= Task to carry out =
What is needed is the exact text of each line in the listing below from the one with "быть центром вещей." up to and including the one with "La cérémonie des", and no pictures.

= Supplied material =

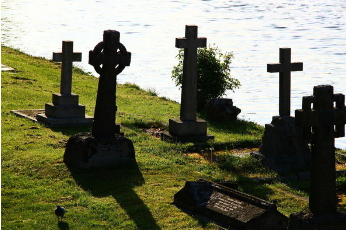
Марлоу, Бакингершир, Великобритания

«Я» человека всегда стремится быть центром вещей.
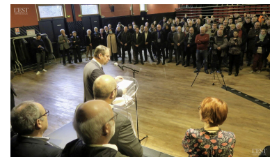
La cérémonie des vœux du président de la communauté de communes de Moselle et Madon à l'ensemble des forces vives de l'intercommunalité a rassemblé beaucoup de monde.

Enfin, revenant sur les projets qui s'achèveront fin 2023, le président a rappelé l'aménagement du quartier Champi situé entre l'Aqua'mm et la Filoche, et la construction du futur siège de la CCMM. ■
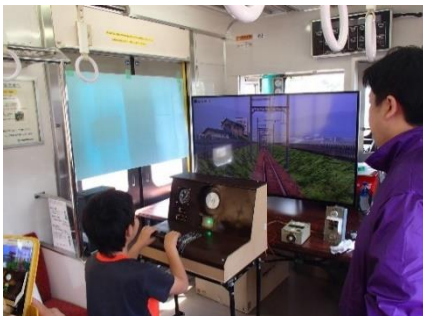
運転シミュレーション体験
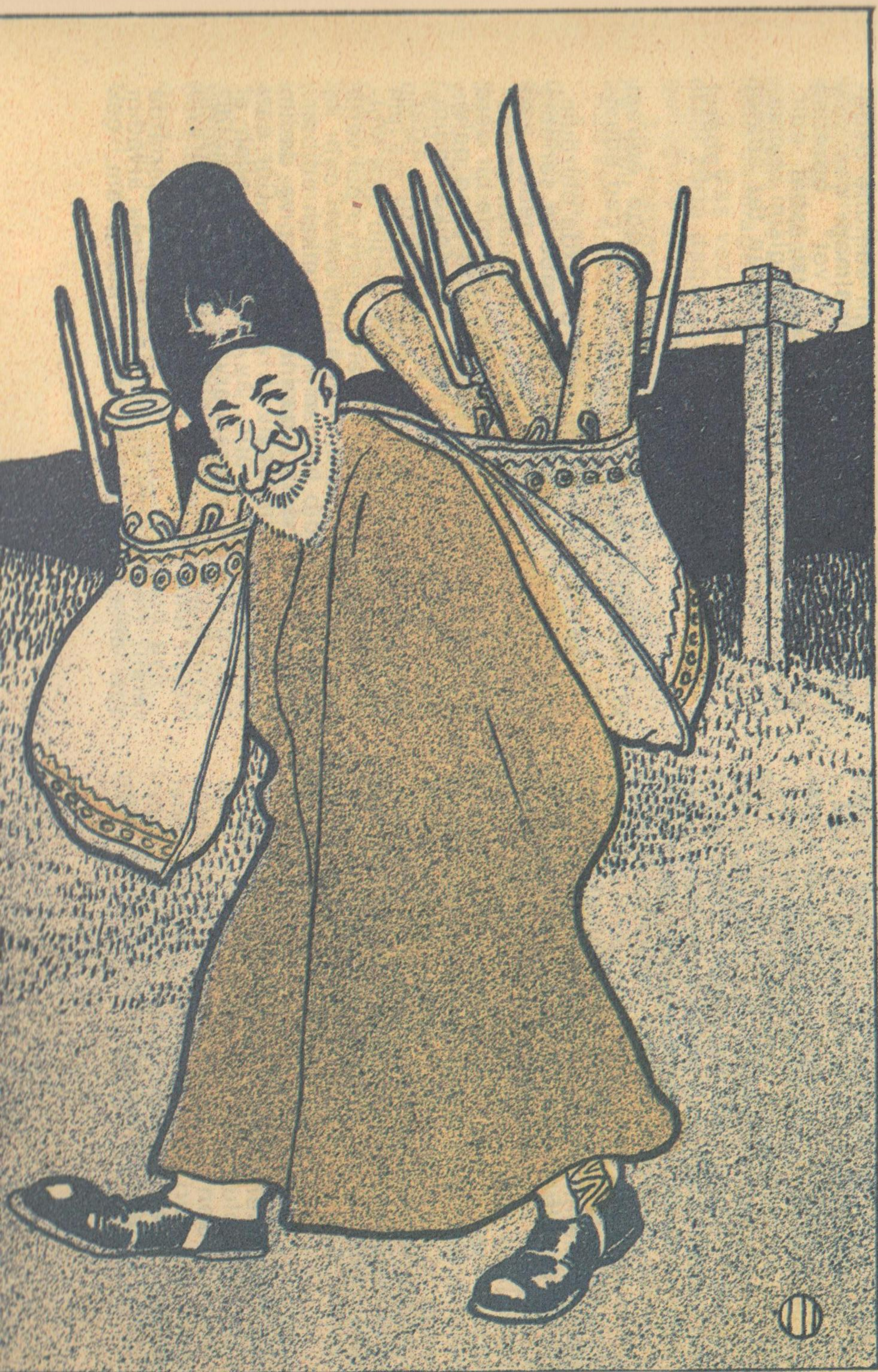
7. (Bax teleqramlara)

= Solution for this exercise =
«Я» человека всегда стремится быть центром вещей.
La cérémonie des vœux du président de la communauté de communes de Moselle et Madon à l'ensemble des forces vives de l'intercommunalité a rassemblé beaucoup de monde.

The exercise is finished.